**Extracted data**:
+ + + + +

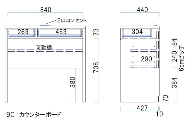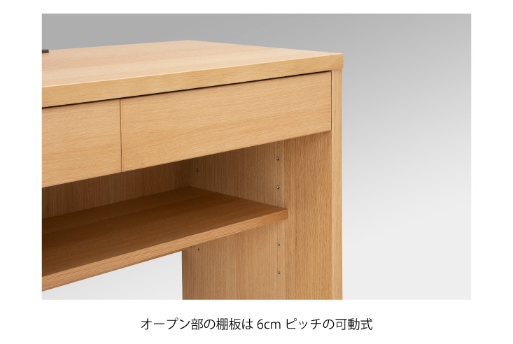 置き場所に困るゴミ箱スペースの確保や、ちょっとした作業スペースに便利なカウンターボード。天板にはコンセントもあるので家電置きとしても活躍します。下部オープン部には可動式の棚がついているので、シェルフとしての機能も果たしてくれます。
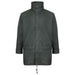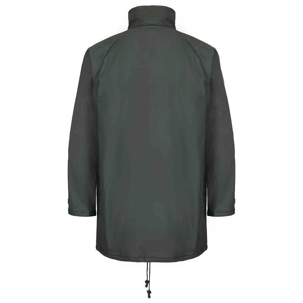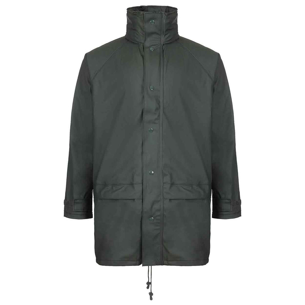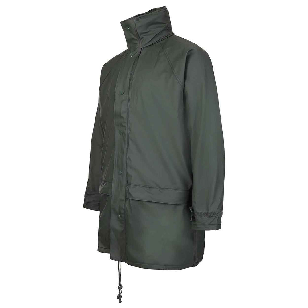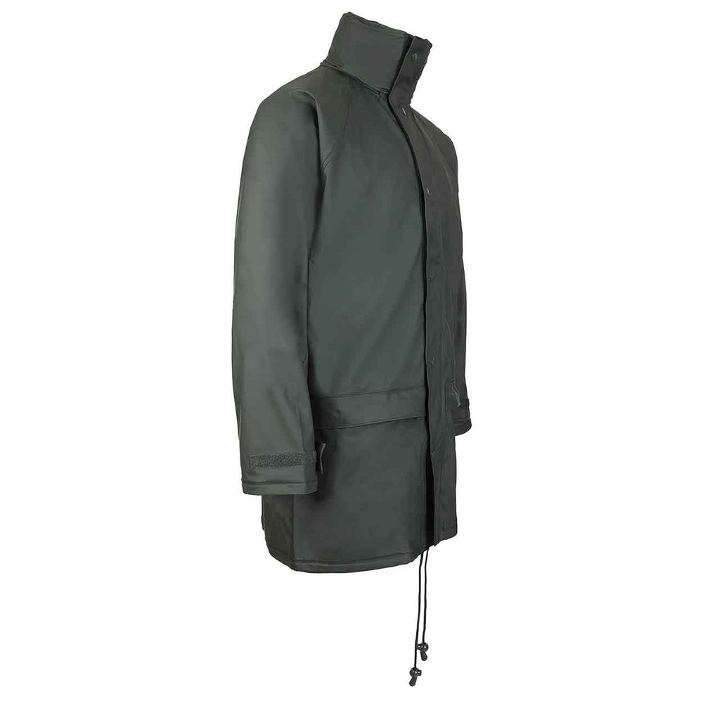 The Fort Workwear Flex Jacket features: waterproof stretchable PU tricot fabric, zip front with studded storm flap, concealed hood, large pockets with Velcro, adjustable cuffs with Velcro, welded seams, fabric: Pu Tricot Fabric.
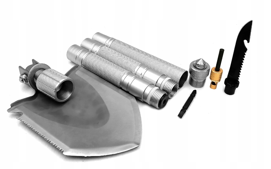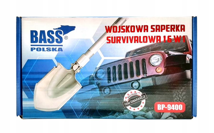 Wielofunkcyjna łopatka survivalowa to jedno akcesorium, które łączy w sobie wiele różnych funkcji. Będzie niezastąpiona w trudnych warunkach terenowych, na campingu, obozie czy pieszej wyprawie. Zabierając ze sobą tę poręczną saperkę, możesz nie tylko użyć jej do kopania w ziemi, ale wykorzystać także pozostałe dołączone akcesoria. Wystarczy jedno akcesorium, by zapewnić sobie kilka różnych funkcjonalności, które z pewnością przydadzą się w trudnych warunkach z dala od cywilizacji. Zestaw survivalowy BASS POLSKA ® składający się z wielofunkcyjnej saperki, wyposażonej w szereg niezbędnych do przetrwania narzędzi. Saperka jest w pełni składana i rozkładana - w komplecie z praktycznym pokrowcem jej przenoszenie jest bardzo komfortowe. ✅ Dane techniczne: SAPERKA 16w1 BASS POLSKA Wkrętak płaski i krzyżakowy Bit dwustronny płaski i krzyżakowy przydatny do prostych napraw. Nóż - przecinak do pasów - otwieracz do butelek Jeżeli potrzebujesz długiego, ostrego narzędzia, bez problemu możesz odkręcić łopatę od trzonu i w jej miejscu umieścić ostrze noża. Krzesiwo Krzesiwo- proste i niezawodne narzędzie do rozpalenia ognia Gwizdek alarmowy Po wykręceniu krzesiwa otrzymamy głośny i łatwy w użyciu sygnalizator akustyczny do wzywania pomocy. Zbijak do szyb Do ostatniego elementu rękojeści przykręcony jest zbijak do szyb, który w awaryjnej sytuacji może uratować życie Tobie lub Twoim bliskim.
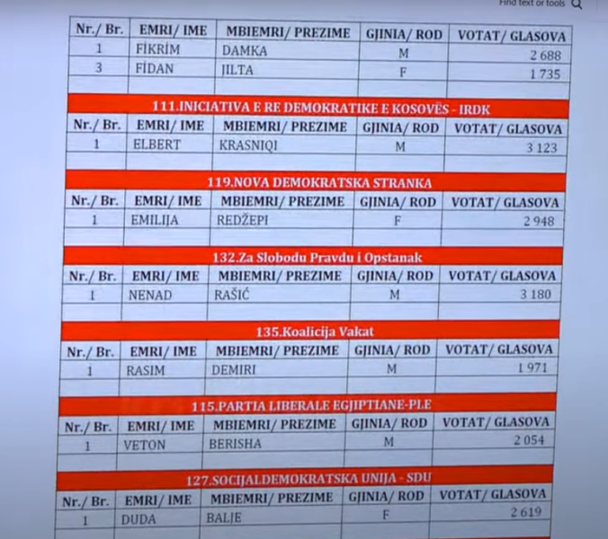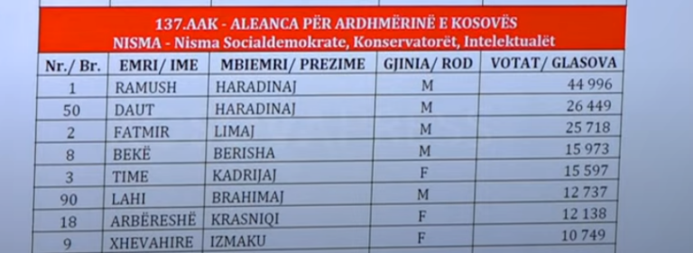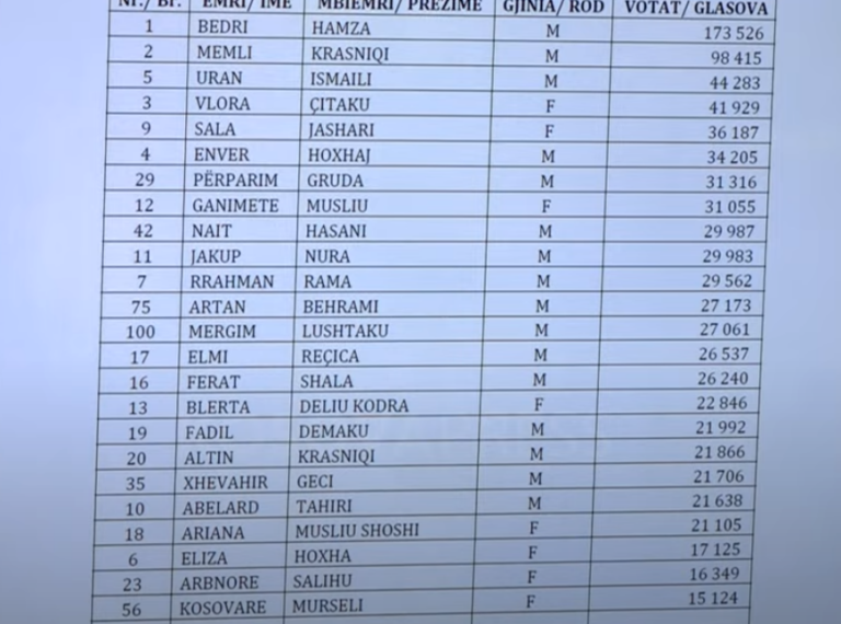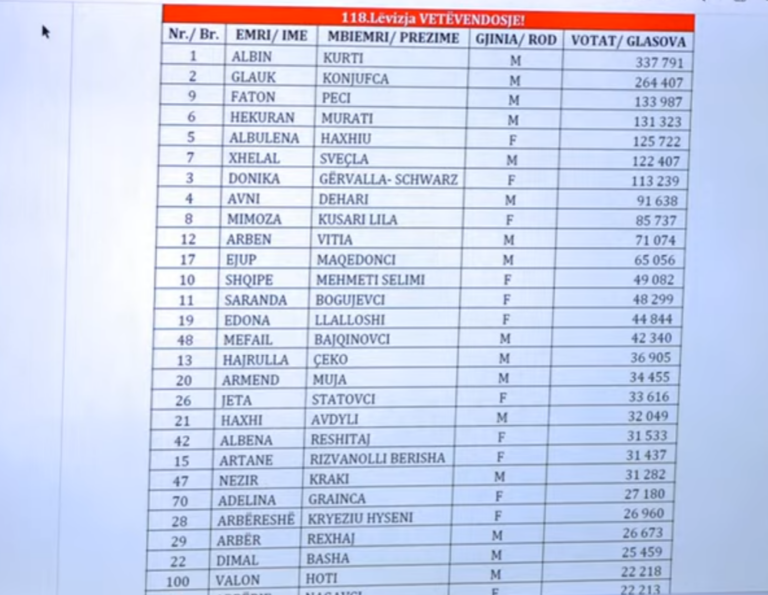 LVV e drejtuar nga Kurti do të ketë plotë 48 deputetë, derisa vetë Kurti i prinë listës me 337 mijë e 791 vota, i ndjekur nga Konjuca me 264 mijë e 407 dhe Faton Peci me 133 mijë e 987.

+ + + + +

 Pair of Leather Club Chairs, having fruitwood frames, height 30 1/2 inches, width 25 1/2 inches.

+ + + + +

**Exercise**: Take the lines above starting at the one containing "置き場所に困るゴミ箱スペース" and ending at the one containing "The Fort Workwear", and print them again exactly, without pictures.

**Answer to this exercise**:
 置き場所に困るゴミ箱スペースの確保や、ちょっとした作業スペースに便利なカウンターボード。天板にはコンセントもあるので家電置きとしても活躍します。下部オープン部には可動式の棚がついているので、シェルフとしての機能も果たしてくれます。
 The Fort Workwear Flex Jacket features: waterproof stretchable PU tricot fabric, zip front with studded storm flap, concealed hood, large pockets with Velcro, adjustable cuffs with Velcro, welded seams, fabric: Pu Tricot Fabric.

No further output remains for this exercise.